• **Task to carry out**
Please write out only the lines from the line with "Những món đồ" to the line with "Viele schöne, junge", inclusive, exactly as they stand below, without the pictures.

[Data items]

+ + +

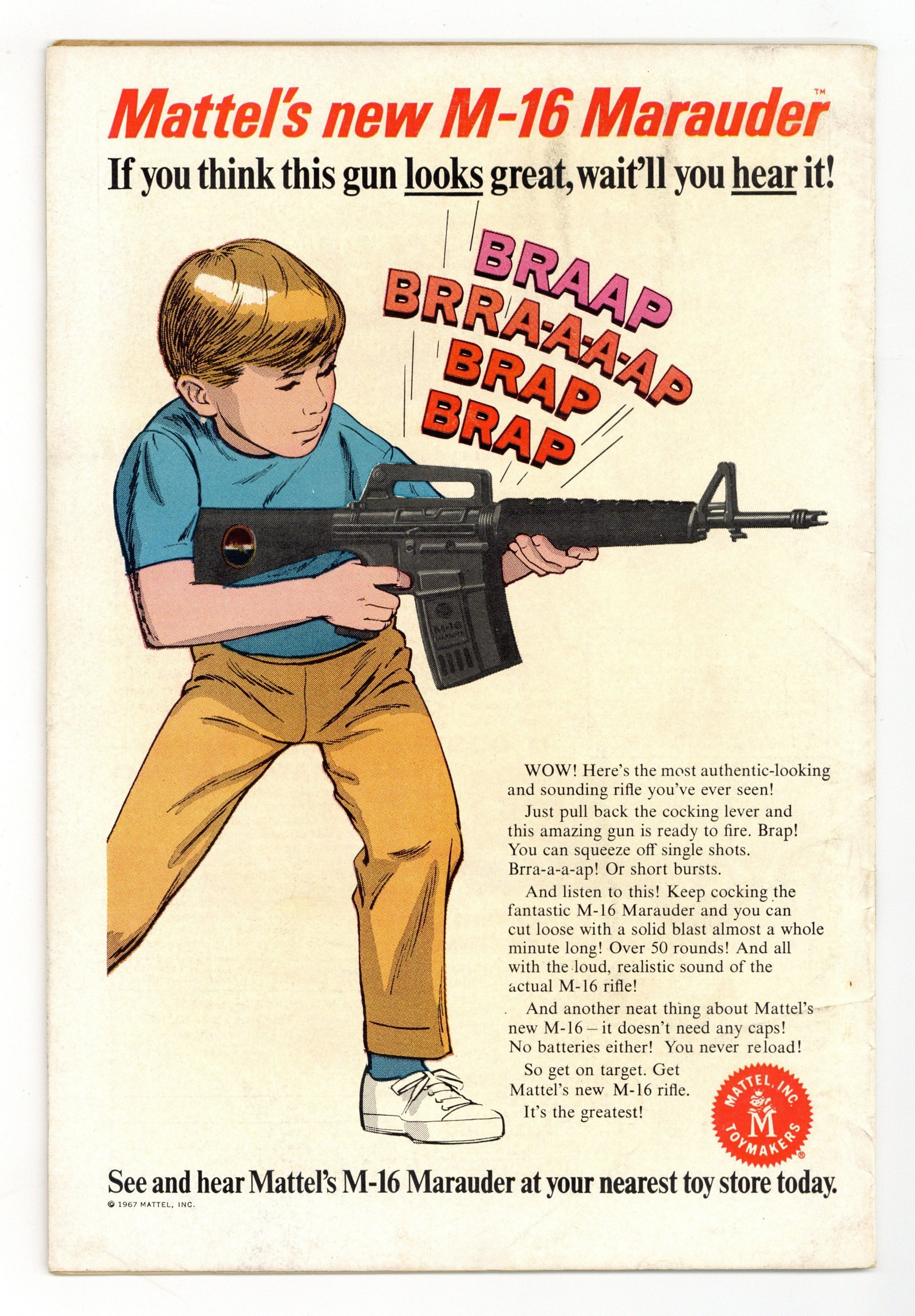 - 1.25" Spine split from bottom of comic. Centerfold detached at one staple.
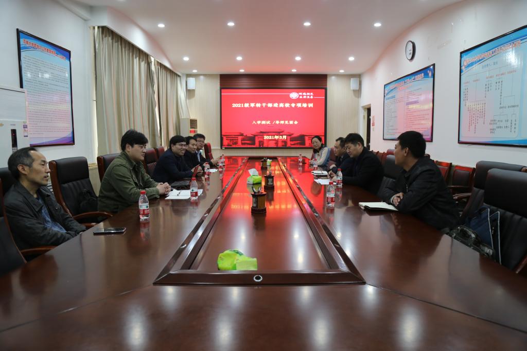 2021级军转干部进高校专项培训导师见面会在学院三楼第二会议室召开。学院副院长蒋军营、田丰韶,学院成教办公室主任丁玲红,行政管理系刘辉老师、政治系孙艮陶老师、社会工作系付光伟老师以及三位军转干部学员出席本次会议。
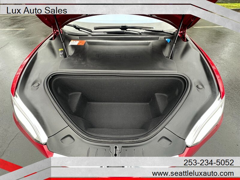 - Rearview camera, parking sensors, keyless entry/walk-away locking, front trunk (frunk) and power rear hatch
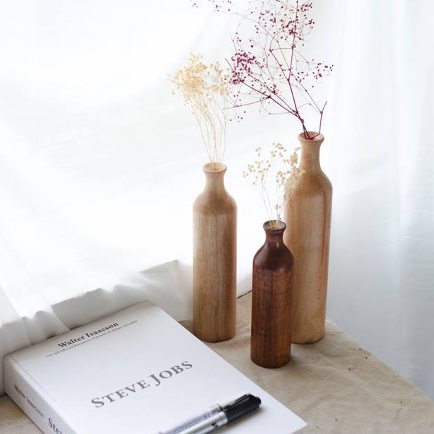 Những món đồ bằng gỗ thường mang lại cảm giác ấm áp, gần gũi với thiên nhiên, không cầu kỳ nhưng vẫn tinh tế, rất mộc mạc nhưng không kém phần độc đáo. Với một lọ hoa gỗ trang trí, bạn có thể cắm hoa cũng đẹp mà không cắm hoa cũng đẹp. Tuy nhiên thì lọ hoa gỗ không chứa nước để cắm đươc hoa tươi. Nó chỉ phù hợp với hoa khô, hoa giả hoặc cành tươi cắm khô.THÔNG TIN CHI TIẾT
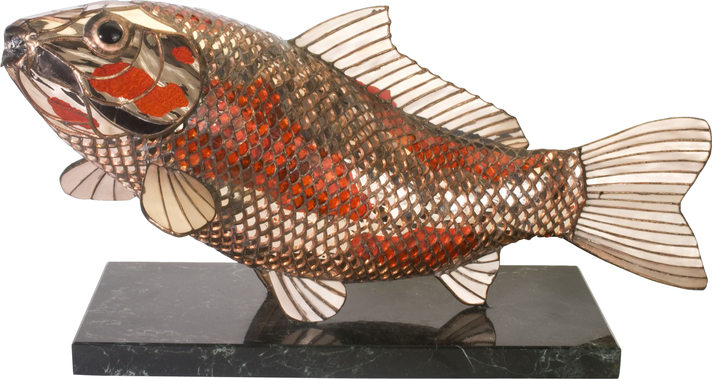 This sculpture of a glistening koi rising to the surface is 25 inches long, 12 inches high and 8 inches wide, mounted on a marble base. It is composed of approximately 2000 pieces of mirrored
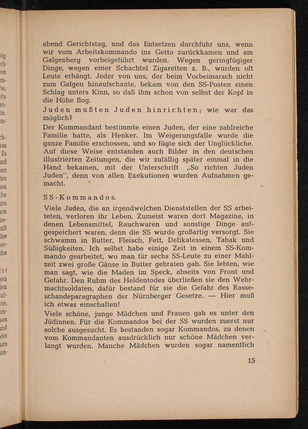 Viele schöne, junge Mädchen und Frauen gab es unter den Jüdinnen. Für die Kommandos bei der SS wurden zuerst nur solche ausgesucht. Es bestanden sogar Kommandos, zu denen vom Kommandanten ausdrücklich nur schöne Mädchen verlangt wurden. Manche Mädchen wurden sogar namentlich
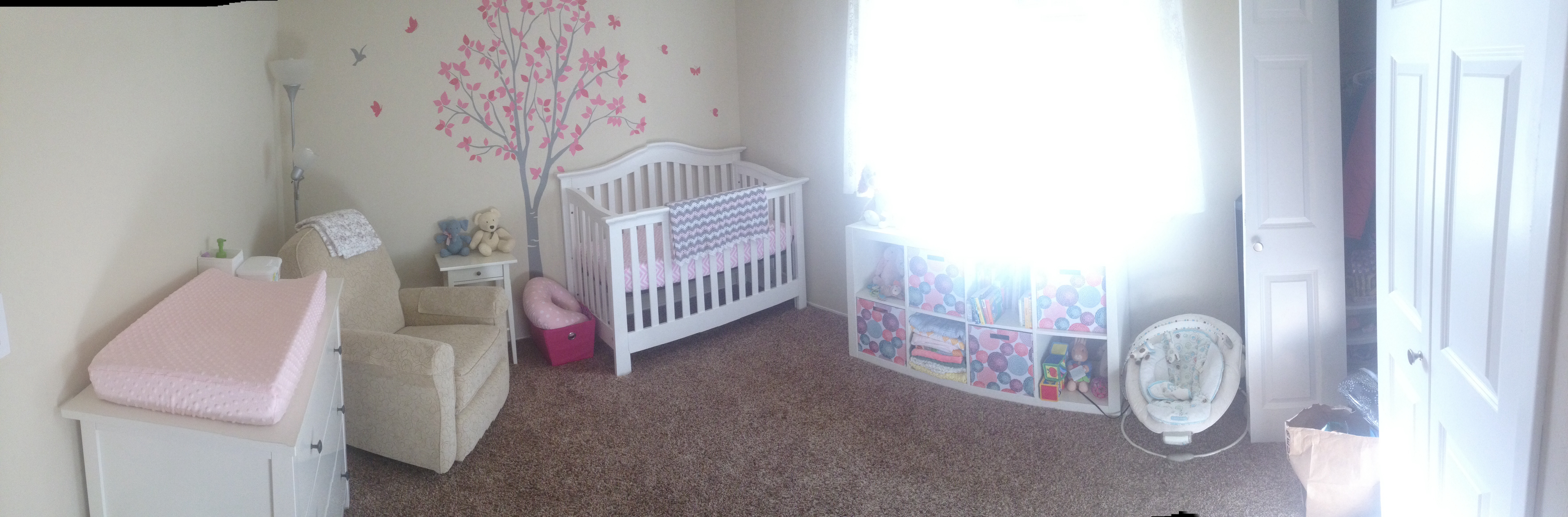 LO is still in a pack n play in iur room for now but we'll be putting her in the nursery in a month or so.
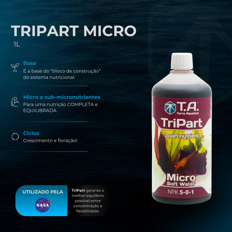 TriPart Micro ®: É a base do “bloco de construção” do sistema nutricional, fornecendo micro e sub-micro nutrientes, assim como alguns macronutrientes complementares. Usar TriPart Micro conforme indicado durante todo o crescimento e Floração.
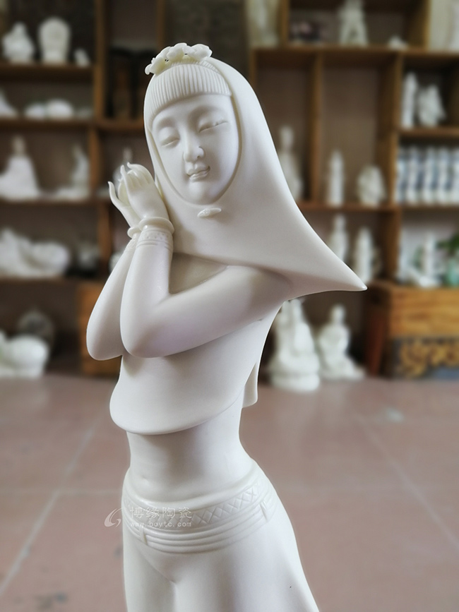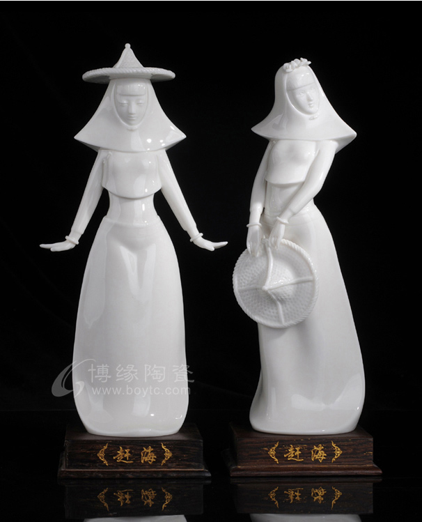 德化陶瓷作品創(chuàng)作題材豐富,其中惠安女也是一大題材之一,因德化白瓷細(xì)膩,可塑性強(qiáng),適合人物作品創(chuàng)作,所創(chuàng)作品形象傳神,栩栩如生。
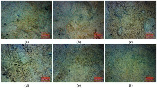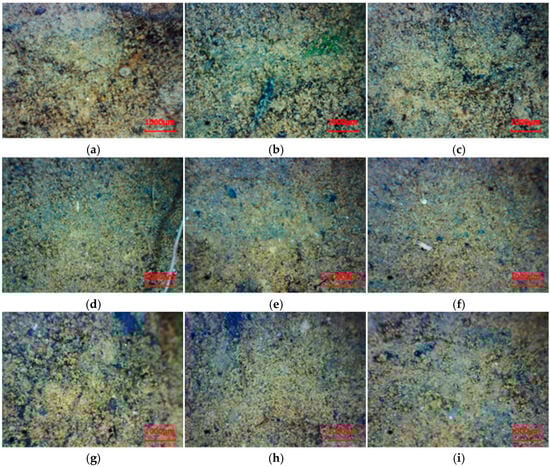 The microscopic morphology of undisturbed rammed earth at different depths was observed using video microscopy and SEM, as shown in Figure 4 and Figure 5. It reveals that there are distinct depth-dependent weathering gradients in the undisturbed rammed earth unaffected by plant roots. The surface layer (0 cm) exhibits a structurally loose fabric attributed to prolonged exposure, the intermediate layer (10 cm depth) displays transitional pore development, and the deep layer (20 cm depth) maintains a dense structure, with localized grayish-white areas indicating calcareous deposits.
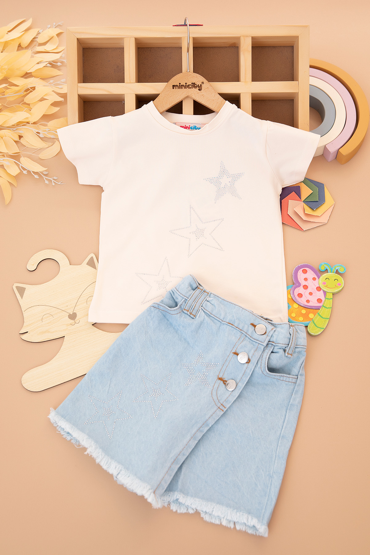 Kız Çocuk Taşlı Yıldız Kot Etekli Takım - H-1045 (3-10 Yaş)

+ + +

• **The completed task**
 Những món đồ bằng gỗ thường mang lại cảm giác ấm áp, gần gũi với thiên nhiên, không cầu kỳ nhưng vẫn tinh tế, rất mộc mạc nhưng không kém phần độc đáo. Với một lọ hoa gỗ trang trí, bạn có thể cắm hoa cũng đẹp mà không cắm hoa cũng đẹp. Tuy nhiên thì lọ hoa gỗ không chứa nước để cắm đươc hoa tươi. Nó chỉ phù hợp với hoa khô, hoa giả hoặc cành tươi cắm khô.THÔNG TIN CHI TIẾT
 This sculpture of a glistening koi rising to the surface is 25 inches long, 12 inches high and 8 inches wide, mounted on a marble base. It is composed of approximately 2000 pieces of mirrored
 Viele schöne, junge Mädchen und Frauen gab es unter den Jüdinnen. Für die Kommandos bei der SS wurden zuerst nur solche ausgesucht. Es bestanden sogar Kommandos, zu denen vom Kommandanten ausdrücklich nur schöne Mädchen verlangt wurden. Manche Mädchen wurden sogar namentlich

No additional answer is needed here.